TinyLoRA – Learning to Reason in 13 Parameters

(arxiv.org)

131 points | by sorenjan 4 days ago

6 comments

  • matt123456789 1 hour ago
    Such low dimensionality of the LoRA vector must surely result in a close-to-linear modification to the KV calculation. This seems to me to imply that what we call "reasoning" is latent within the model. Pretty clear I didn't read the paper, I'm sure the authors address this.
    • a-t-c-g 1 hour ago
      Yes - some degree of reasoning appears to be latent in the structure of language itself. But models trained explicitly on reasoning-focused data still perform better than models trained only on general corpora.*

      *At least up to 300B parameters, based on the models we’ve tested.

  • a-t-c-g 3 hours ago
    The quality of custom models trained with proper reasoning datasets[0] even with small parameters (3-7B is sweet spot) is incredible now

    [0]: cartesien.io or Salesforce's WebscaleRL

    • objektif 2 hours ago
      What are you basing how good they are on? Personal experience or some benchmarks?
      • a-t-c-g 1 hour ago
        Benchmarks, we have internal ones testing reasoning fine-tuned v/s frontier + prompts

        For some use cases it can be parity performance at 1/20th the cost up to exceeds at 1/10th the cost. Trade-off is ofc narrow applicability

  • measurablefunc 4 hours ago
    With four parameters I can fit an elephant, and with five I can make him wiggle his trunk so there is still room for improvement.
    • esafak 4 hours ago
      Except learning to reason is a far cry from curve fitting. Our brains have more than five parameters.
      • sdenton4 1 hour ago
        It's the statistics equivalent of 'no one needs more than 640kb of RAM'
      • voxelghost 3 hours ago
        After a quick content browse, my understanding is this is more like with a very compressed diff vector, applied to a multi billion parameter model, the models could be 'retrained' to reason (score) better on a specific topic , e.g. math was used in the paper
      • ekuck 3 hours ago
        speak for yourself!
      • est 3 hours ago
        reasoning capability might just be some specific combinations of mirror neurons.

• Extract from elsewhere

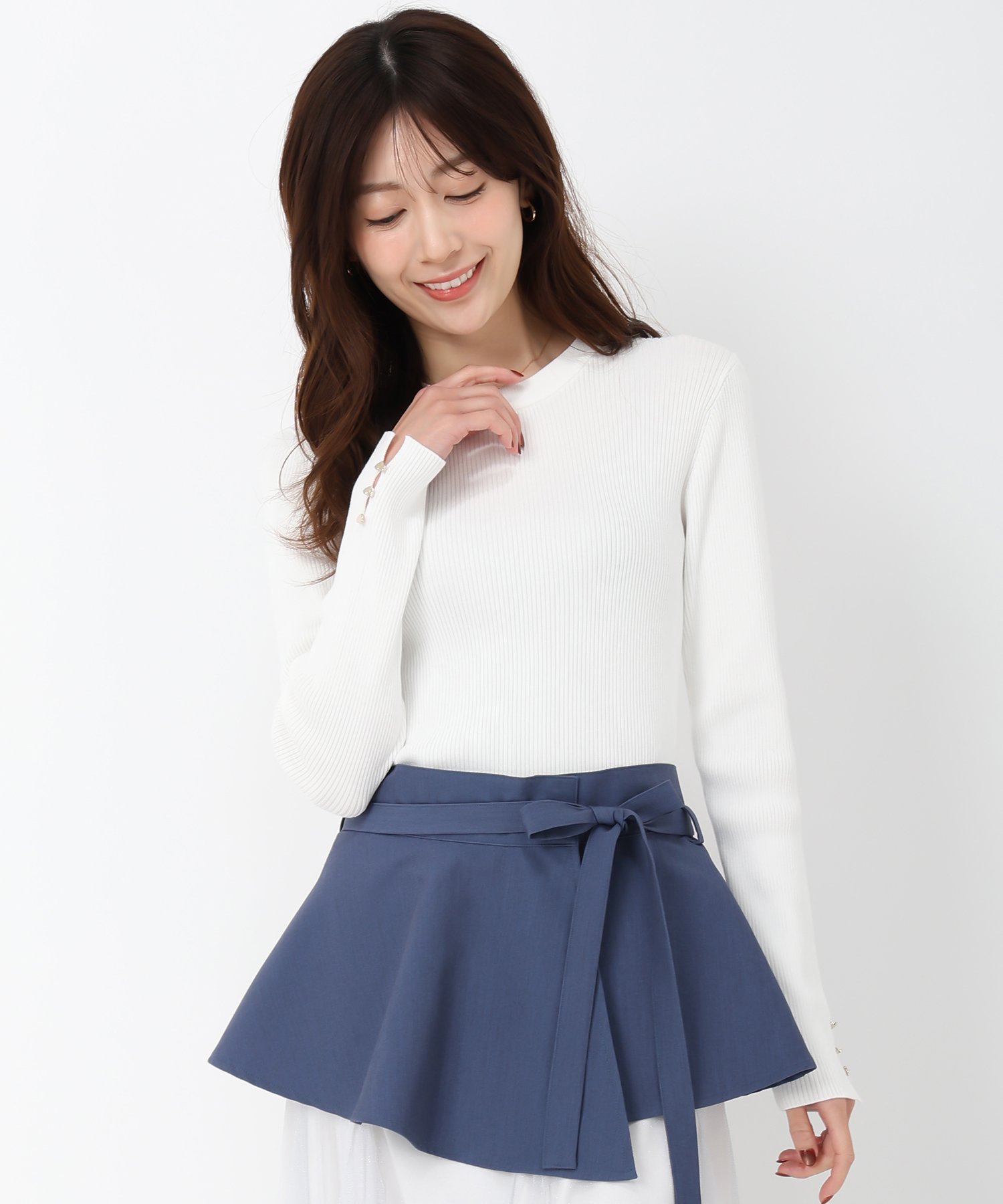 Рубчатый трикотаж с пуговицами в форме сердечек на манжетах для придания образу нотки взрослой милости.

        even some advanced math usually evolves applying patterns found elsewhere into new topics

      • measurablefunc 3 hours ago
        I agree, I don't think gradient descent is going to work in the long run for the kind of luxurious & automated communist utopia the technocrats are promising everyone.
  • Sim-In-Silico 2 hours ago
    [dead]
  • ValveFan6969 30 minutes ago
    [dead]
  • ValveFan6969 3 hours ago
    [dead]